前野    最澄があらゆるものを統合しようと思って、神道や修験道なども含む大きな仏教としての天台というのを作られたというお話と、阿さんのお父さんが、「広い世界を見たいかい?」と言ってキリスト教の学校に行かせたのが通底していると思って、感激して聞いておりました。
    仏教って、浄土宗だと念仏、禅宗だと坐禅、それから密教というように分かれていると思っていたのですが、全部を認める一乗思想、おおもとの思想があるからこそ、それぞれの仏教が成り立っていることもわかりました。
    これ意地悪な質問ですけど、分かれちゃった宗派のほうが「うちの宗派だけが素晴らしいんだ」と言ったときに、天台宗の側は「そういう考えでもオッケー」という感じなんですか?    それとも「きみたちせっかく比叡山で学んだのに、なんでそんなこと言うんだ、けしからん」と思われるのでしょうか。

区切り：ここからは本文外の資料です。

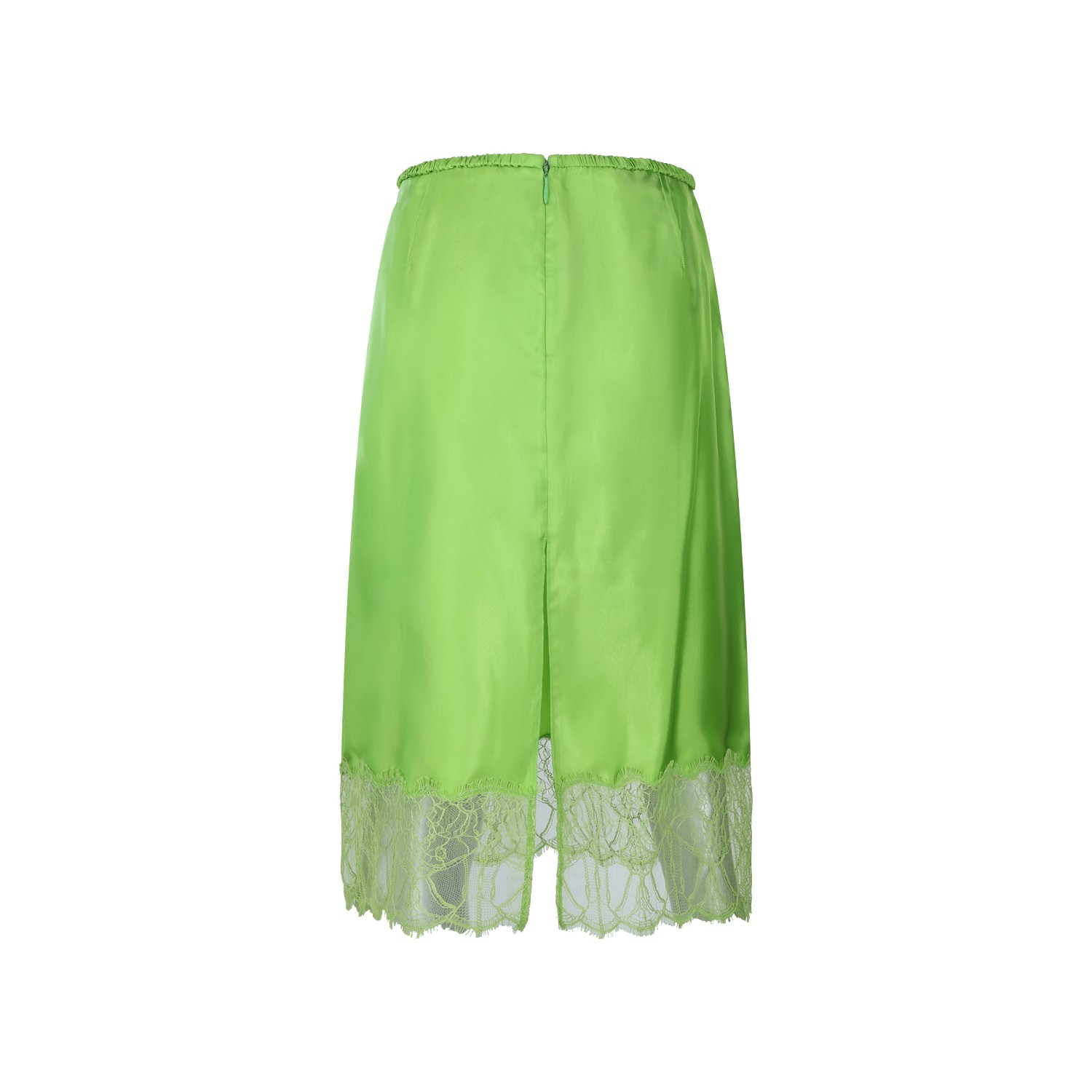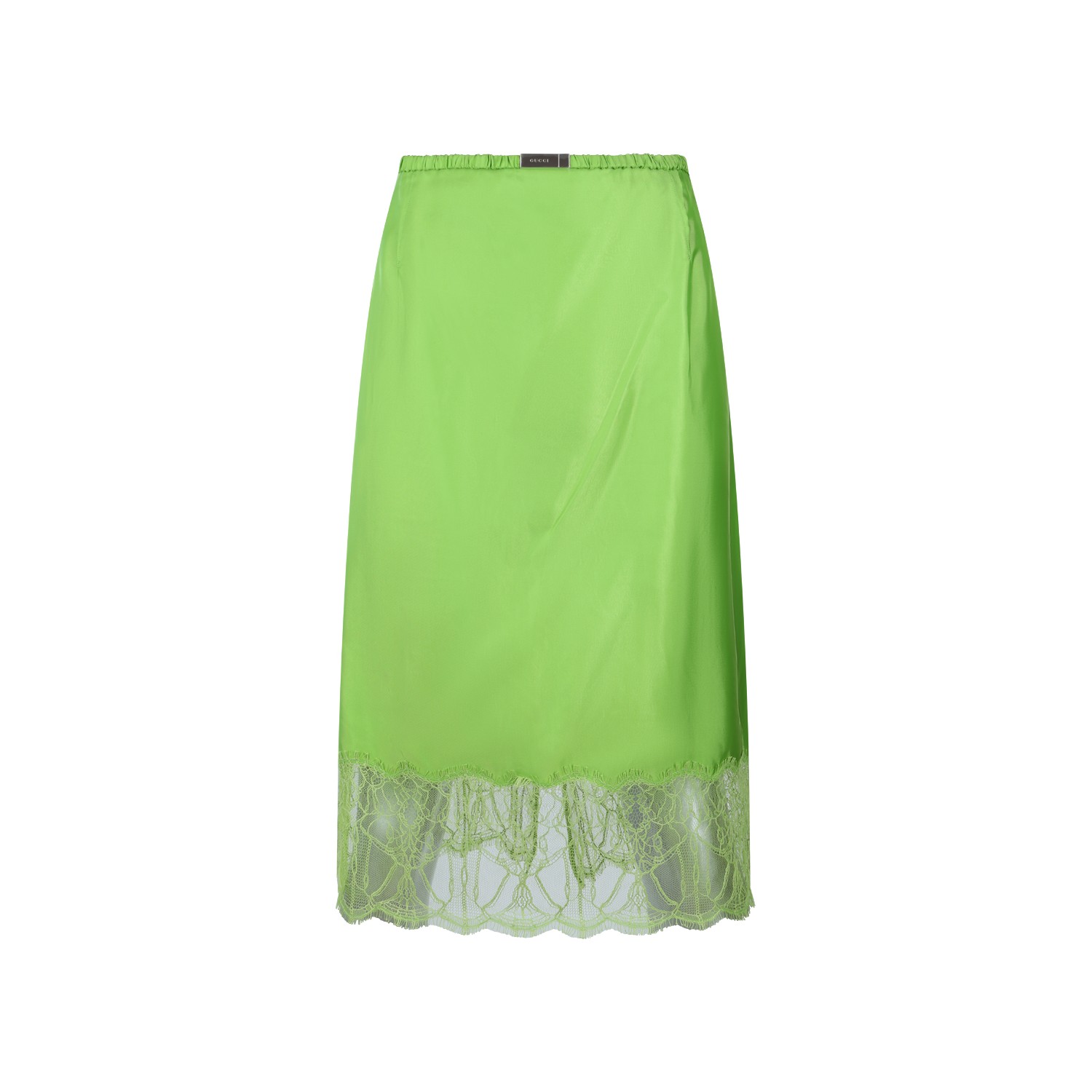 Green skirt from Gucci featuring elastic waist, back zip fastening, lace detail and back cut out.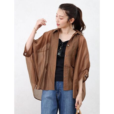 上品な透け感のシアー素材が特徴のオーバーシャツ。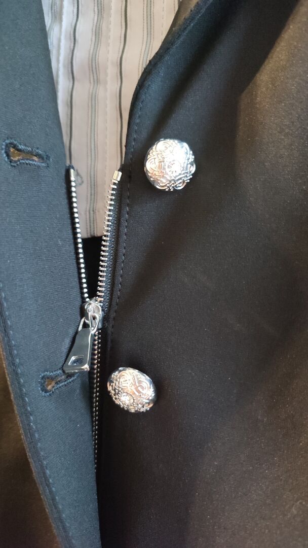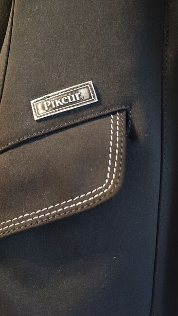 Kurtka Sarissa od Pikeur - Piękna kurtka pokazowa Pikeur "Sarissa" z dżerseju z zamkiem błyskawicznym, srebrną lamówką i guzikami z dżetów, rozmiar 40 Kurtka jest niezwykle wygodna w noszeniu i łatwa do prania. Zamek błyskawiczny oznacza mniejsze ryzyko odpadnięcia guzików, ponieważ są one w zasadzie tylko ozdobą. Kurtka była noszona przez jeden sezon i nie nosi śladów użytkowania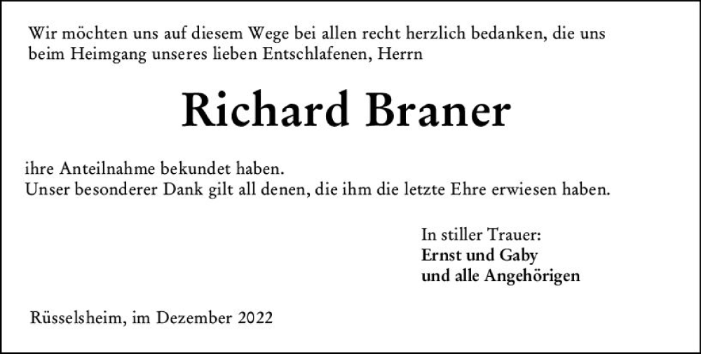 Hier finden Sie alle Traueranzeigen aus der Zeitung, die bisher für Richard Braner erschienen sind. Weitere Traueranzeigen, die in der Zeitung erscheinen, werden hier ebenfalls aufgelistet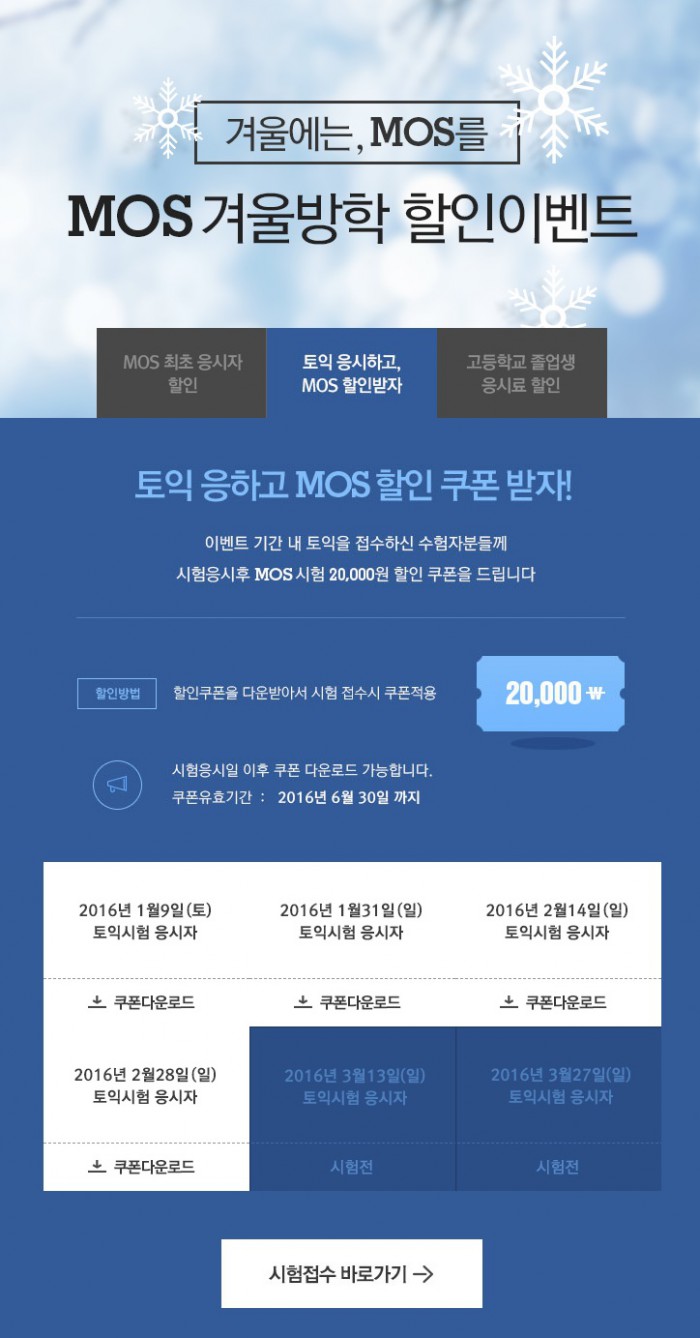 이번 할인 이벤트는 올 1~3월 토익에 응시한 수험생이 대상으로, MOS 전 과목 접수에 사용 가능한 2만원 할인쿠폰을 제공한다. YBM IT 홈페이지에서 간단한 인증절차 후 할인쿠폰을 다운로드 받을 수 있다. 쿠폰 유효기간은 6월30일까지다.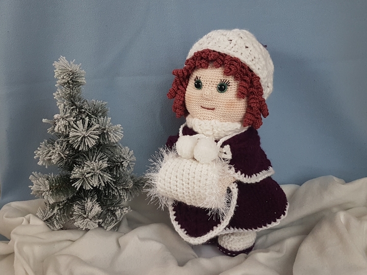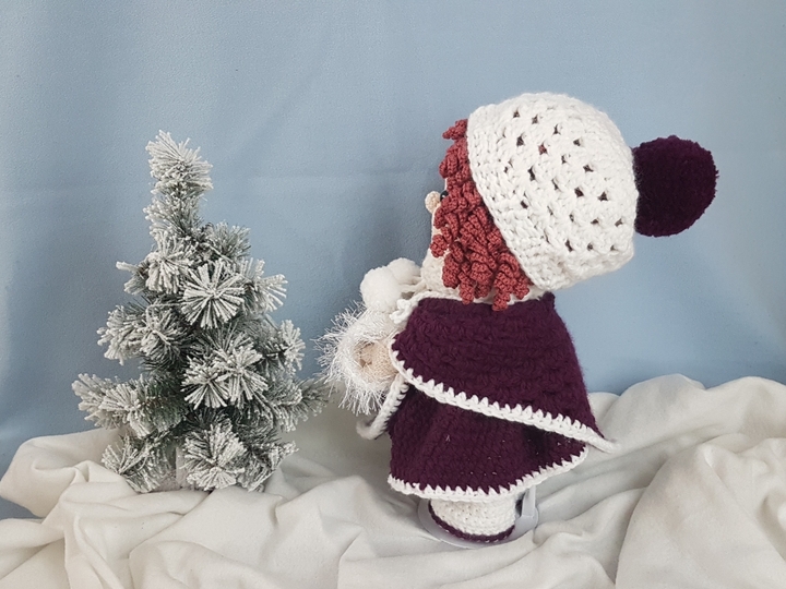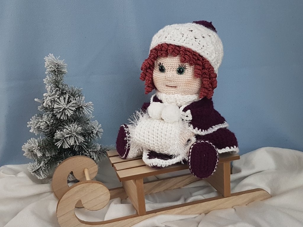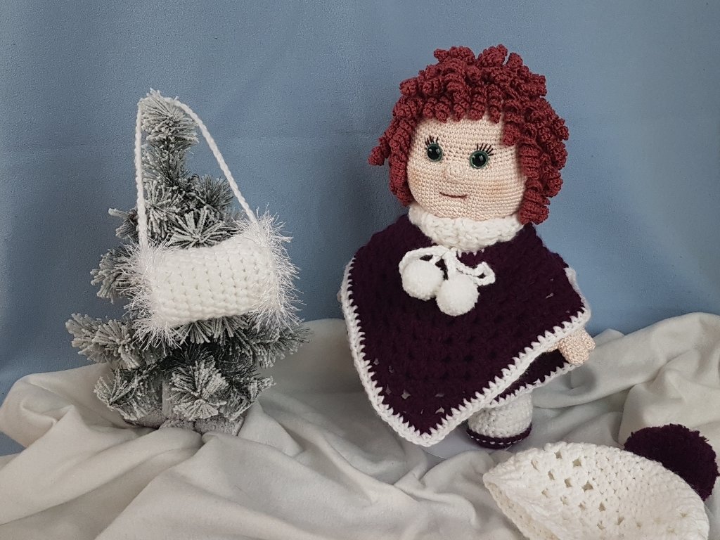 Die PDF beinhaltet die Anleitung für die Puppe, den Poncho, den Rock, die Bluse, das Höschen, die Stiefeln sowie für die Mütze und den Handmuff.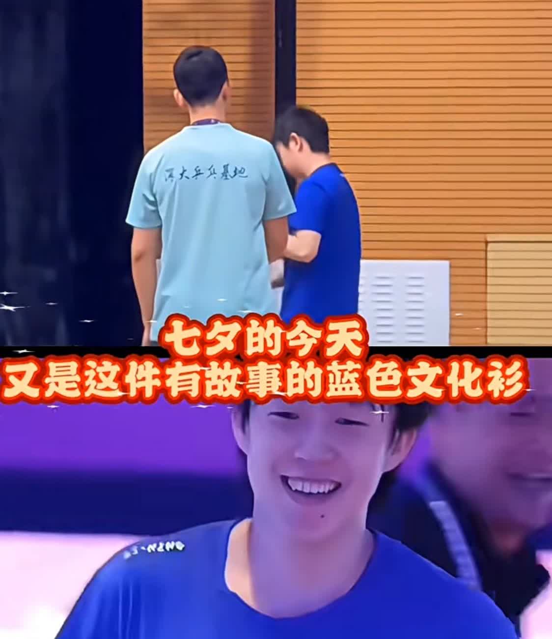 今天的浪漫是蓝色给的,蓝色象征宁静平和,信任和永恒。 蓝色是谁的幸运色?鲨鱼喜欢蓝色的大海,蓝色的大海是她美丽的家园。 魏桥全身黑,深大个个紫。只有他俩例外,都是蓝色。不用问,问就是巧合。“岂曰无衣?与子同袍。” 头哥今天的状态可以用两个字来形容:荡漾。肉眼可见的鲜活灵动,眉眼带笑,开心的笑容打从屏幕中溢出来。 难道是新疆乌鲁木齐的水土不一样?我猜,今天的空气都是甜的吧。 头哥的快乐满溢要分享,训练的时候,逗完陪练逗教练,仿佛重回当年十八岁的青春季,少年不识愁滋味。 同频共振的人不需要礼物,只要彼此同框,为着共同的心愿一起努力。日复一日、年复一年的训练和比赛,也显得生动无比。 待到梦想实现,洛奥圆梦时:时光静好,与君语;细水流年,与君同。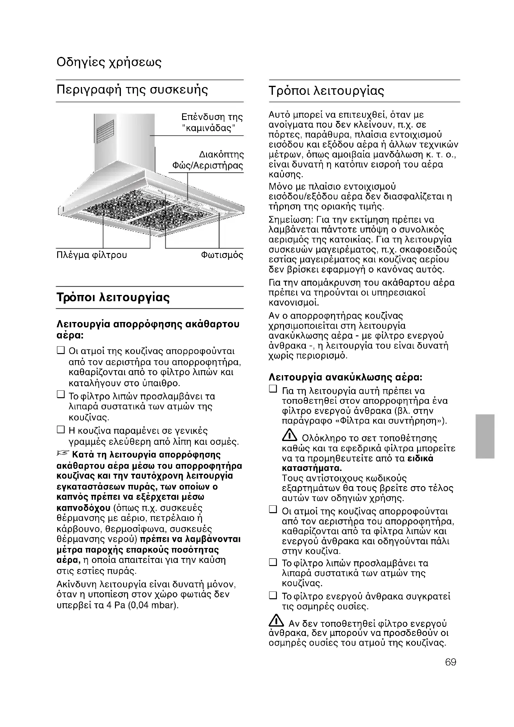 Τρποι λειτουργίας Αυτ µπορεί να επιτευχθεί, ταν µεανοίγµατα που δεν κλείνουν, π.χ. σεπρτες, παράθυρα, πλαίσια εντοιχισµούεισδου και εξδου αέρα ή άλλων τεχνικώνµέτρων, πως αµοιβαία µανδάλωση κ. τ. ο.,είναι δυνατή η κατπιν εισροή του αέρακαύσης.Μνο µε πλαίσιο εντοιχισµούεισδου/εξδου αέρα δεν διασφαλίζεται ητήρηση της οριακής τιµής.Σηµείωση: Για την εκτίµηση πρέπει ναλαµβάνεται πάντοτε υπψη ο συνολικςαερισµς της κατοικίας. Για τη λειτουργίασυσκευών µαγειρέµατος, π.χ. σκαφοειδούςεστίας µαγειρέµατος και κουζίνας αερίουδεν βρίσκει εφαρµογή ο καννας αυτς.Γι α την αποµάκρυνση του ακάθαρτου αέραπρέπει να τηρούνται οι υπηρεσιακοίκανονισµοί.Αν ο απορροφητήρας κουζίναςχρησιµοποιείται στη λειτουργίαανακύκλωσης αέρα - µε φίλτρο ενεργούάνθρακα -, η λειτουργία του είναι δυνατήχωρίς περιορισµ. Λειτουργία ανακύκλωσης αέρα: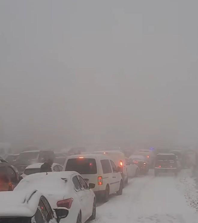 Uludağ yolunda metrelerce araç kuyruğunda beklemekten sıkılan bazı yolcular, araçlardan inip, kar altında trafiğin açılmasını beklerken kayan bazı araçlar ise kaza yaptı. Uludağ yolunda karlar altındaki dönüş çilesi cep telefonu kamerasıyla görüntülendi. (DHA)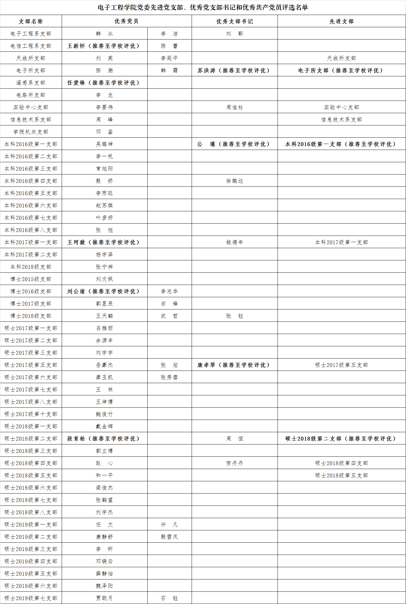 按照“自下而上”的方式, 经过各支部酝酿推荐,学院党委组织投票评选的方式,经学院党委会通过,产生学院先进支部、优秀支部书记、优秀共产党员名单和推荐至学校先进支部、优秀支部书记、优秀共产党员评优名单,现公示如下: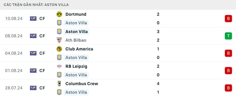 Kể từ đó, Villa đã tham gia 7 trận giao hữu trong suốt mùa hè. Trong đó, sau 5 lần ra sân gần nhất, thầy trò Emery thua 4 và chỉ thắng 1. Sự ra đi của Douglas Luiz và Moussa Diaby là một đòn giáng mạnh vào Villa. Dù sao thì Emery vẫn còn sở hữu nhiều cầu thủ chất lượng hàng đầu trong bối cảnh đội bóng vùng West Midland đặt mục tiêu tiếp tục xuất hiện ở top 4.
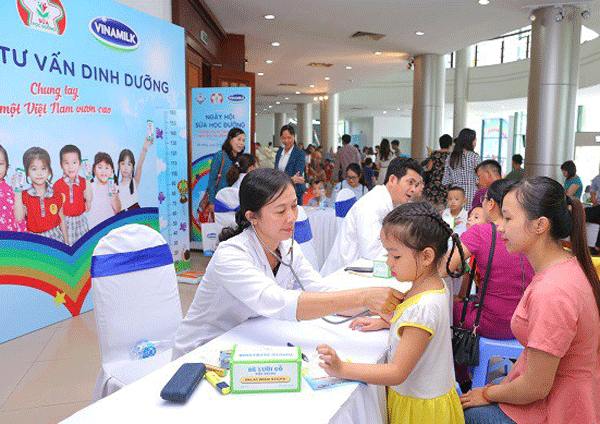 Các bác sĩ đến từ Trung tâm Tư vấn Dinh dưỡng Vinamilk khám và tư vấn dinh dưỡng cho các em học sinh tại Ngày hội SHĐ Đà Nẵng.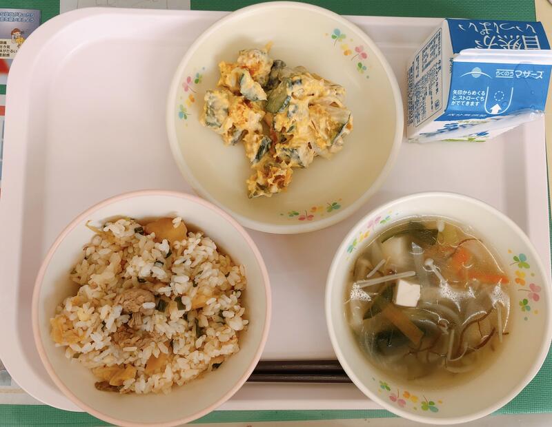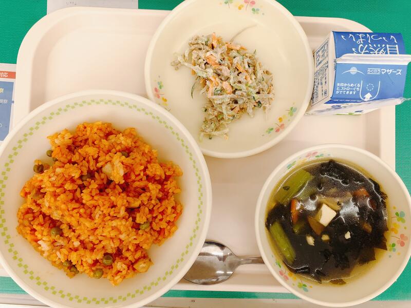 10月1日の給食は「チキンライス、牛乳て、わかめスープ、ごぼうサラダ」でした。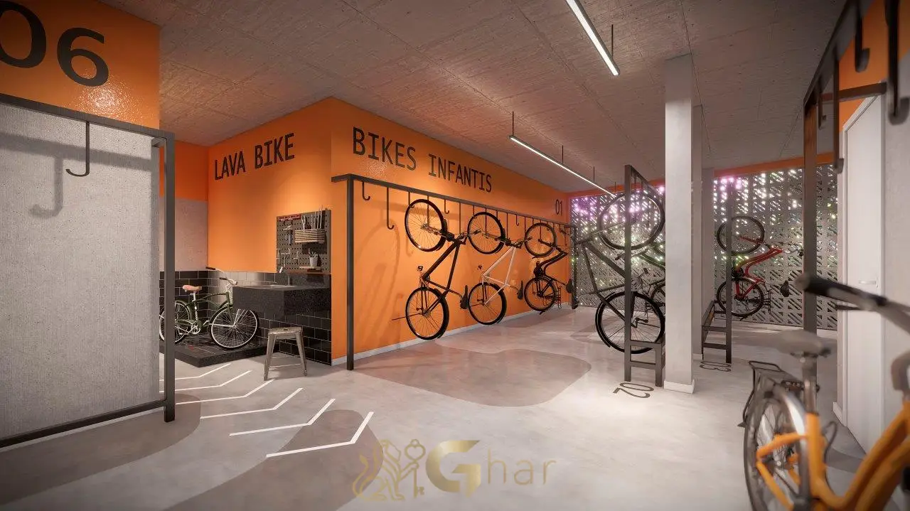 Estacionamento interno exclusivo para bicicletas, equipado com suportes e, em alguns casos, estação de manutenção, incentivando a mobilidade sustentável e saudável.

    それぞれ心も違うし考えも違うので、私とまったく違う意見があったとしても、「ああ、そういうふうな考えもあるんだ」と思うだけですね。そういう対立した意見も含めての一乗だと思うので、一乗とそれ以外の教えがあると捉えてしまっては一乗にならないのではないかなと思います。

前野    なるほど。

──全部を融合させると元々の特色が薄まってしまうように思うのですが。

    宗教混淆主義(シンクレティズム syncretism)といって、たくさんある日本の宗派を全部一緒にしてもいいのではないかという考えもありますが、一乗思想というのはそれとは違います。「一」というと統一という観念で捉えがちですが、仏教の一というのは華厳教にもありますように、多即一、一即多(たそくいち、いちそくた)といって多様性であることが一つであり、一つであるということは多様性でなければいけないという考え方です。たとえば森であれば、さまざまな植物や生き物、昆虫がいて一つの森をなします。同じ木だけでは成立しませんよね。この宇宙も様々な働きがあって、お互いに支え合って一つの世界を織りなしている。それが縁起という考え方です。一であるためには多様でなければいけない。多様性だからこそ調和がある、そういう考え方なのです。
    みんながバラバラだからそれを押さえ込もうという価値観とは違います。多と一が対立するのではなく、調和する。同調ではなく協調です。それが聖徳太子の和の思想でもあります。聖徳太子の十七条憲法の中でも同じようなことが説かれています。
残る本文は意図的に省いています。